■ Source data ■
****************
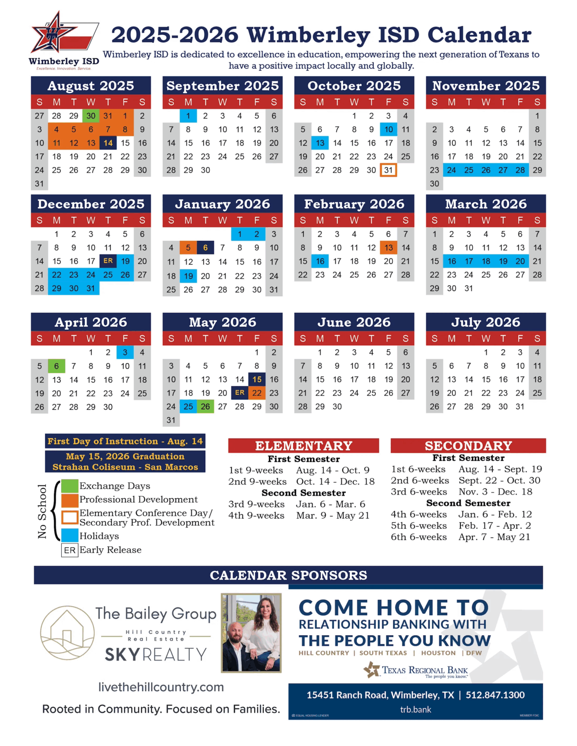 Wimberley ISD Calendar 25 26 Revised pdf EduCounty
****************
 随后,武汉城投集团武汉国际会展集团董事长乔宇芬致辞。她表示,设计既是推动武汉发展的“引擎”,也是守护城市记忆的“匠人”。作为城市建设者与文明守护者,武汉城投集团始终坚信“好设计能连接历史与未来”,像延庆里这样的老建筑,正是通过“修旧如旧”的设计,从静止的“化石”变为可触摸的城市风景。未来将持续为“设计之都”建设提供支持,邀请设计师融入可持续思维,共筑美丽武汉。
****************
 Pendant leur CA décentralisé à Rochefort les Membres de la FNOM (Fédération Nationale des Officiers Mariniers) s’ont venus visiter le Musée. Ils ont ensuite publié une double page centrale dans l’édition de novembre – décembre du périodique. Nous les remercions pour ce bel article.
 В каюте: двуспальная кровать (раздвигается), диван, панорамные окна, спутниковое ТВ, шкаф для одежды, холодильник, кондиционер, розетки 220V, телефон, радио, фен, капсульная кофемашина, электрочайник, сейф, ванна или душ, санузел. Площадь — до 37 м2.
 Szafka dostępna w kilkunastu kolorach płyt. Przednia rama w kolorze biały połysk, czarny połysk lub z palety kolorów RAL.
****************
■ Directions ■
Above are the records; repeat exactly the lines from the one holding "В каюте: двуспальная" down to the one holding "Szafka dostępna w", end lines included.

■ Answer space ■
 В каюте: двуспальная кровать (раздвигается), диван, панорамные окна, спутниковое ТВ, шкаф для одежды, холодильник, кондиционер, розетки 220V, телефон, радио, фен, капсульная кофемашина, электрочайник, сейф, ванна или душ, санузел. Площадь — до 37 м2.
 Szafka dostępna w kilkunastu kolorach płyt. Przednia rama w kolorze biały połysk, czarny połysk lub z palety kolorów RAL.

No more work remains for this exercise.